Identifying the switch from trust to fear

Do wolves ever really trust their human nurturers? The studies suggest that there may be a desire within puppies to trust and interact for the rewards that are gained, but a point comes in the relationship when the fear factor kicks in without fail. The major challenges in the study are sample sizes. It’s difficult to procure large groups of wolves for research study, so teams work with the animals that are available to represent the species as a whole. The studies often yield conflicting findings which makes pinpointing the precise time in a wolf’s developmental stages when the survival and natural fear instinct takes over. The reasons for this are not yet fully understood. Careful attention is being paid to the transformation from puppyhood to adulthood in wolves. While dogs have a natural tendency to bond with humans as though a part of the same species, wolves do not.

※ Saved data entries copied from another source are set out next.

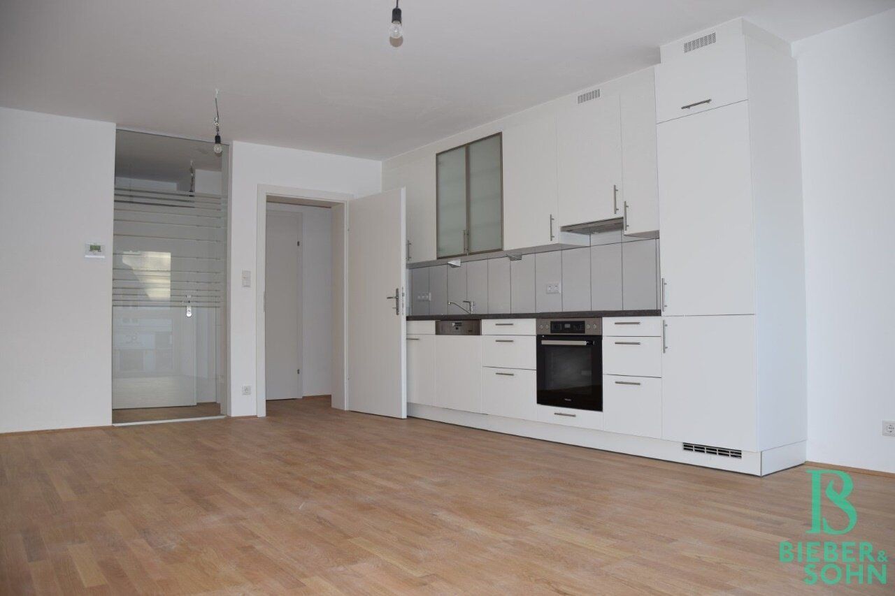 Durch die terrassierte Bauweise befindet sich die Wohnung von der Strassenseite aus im 1. Stock, die mit dem Lift barrierefrei zu erreichen ist. Vom Vorraum aus ist der große Wohnraum mit der exklusiven Küche und den bodentiefen Fenstern zu betreten und weiterführend...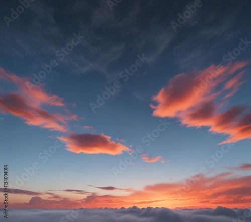 Minimalist image of an empty blue sky with red and orange clouds, featuring a simple white or gray background to emphasize the colors, empty, cloud
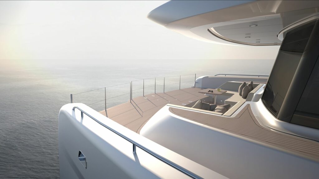 Cömert kıç güvertesine ek olarak, yat, gün batımı gezileri için ideal olan gömme salon alanına sahip öne bakan bir güverte sunar. Güneşlenme güvertesinde özel güneşlenme alanı ve üstü kapalı flybridge bulunmakta.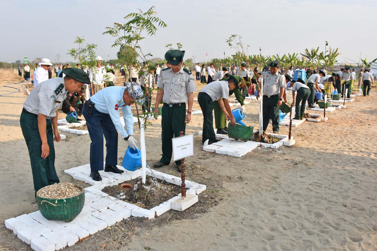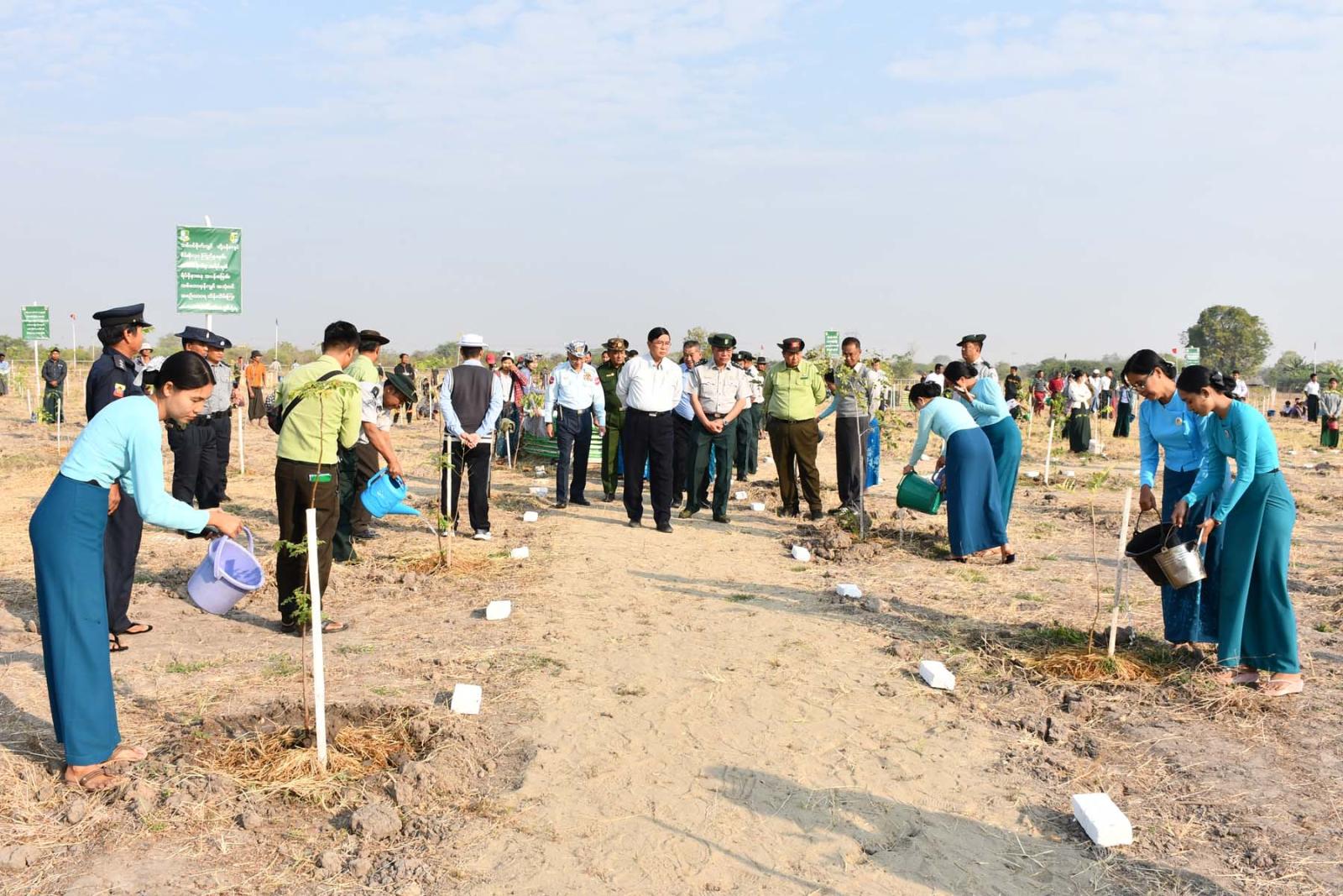 ဆက်လက်ပြီး တိုင်းဒေသကြီးဝန်ကြီးချုပ်နှင့် တာဝန်ရှိသူများက စိုက်ပျိုးထားသော အပင်များအား စုပေါင်းရေလောင်းခြင်း၊ မြေဩဇာကျွေးခြင်းနှင့် မြေပဲခွံဖုံးအုပ်ခြင်းများ ဆောင်ရွက်ပြီး တက်ရောက်လာကြသူများမှ စိုက်ပျိုးပြီးသစ်ပင်များအား တစ်ပျော်တစ်ပါး ရေလောင်း၊ ပေါင်းရှင်း၊ ပြုစုထိန်းသိမ်းနေမှုများကို လှည့်လည်ကြည့်ရှုအားပေးခဲ့သည်။

This study found that dogs will seek human assistance when they encounter a problem that they cannot solve on their own. This is the opposite for wolves. Even when nurtured by humans in the same way a dog would be, they will attempt to solve the problem on their own but will not seek the assistance of humans.

Is bonding with wolves possible?

Peggy Callahan is a wolf expert who has hand raised several litters of wolf pups. She’s established two way communication with them as puppies, but she concurs that the friendliness and trust established appears to disappear in a short time window and when talking about the switch from friendly to fearful, she offered that, “It’s literally overnight.” It’s a phenomenon that occurs regularly, like clockwork. She goes further to say that “You can’t love the wolf out of them.”

Ongoing research continues

The teams from Arizona and Duke have amassed a database of research findings about dogs and wolves and the next step for them is to analyze and compare the findings. Although most of the research comes from small sample sizes with regard to wolves, they will continue too look for clues that may render more information about the evolution of dogs through their studies on wolf behaviors. There is no doubt that the studies will continue for years in looking for the mechanisms that may be related to the key to domestication of canines, if there actually is a connection that exists between the species. For now, what is known about the situation is that dogs have a tendency to crave human attention and companionship and wolves are just the opposite.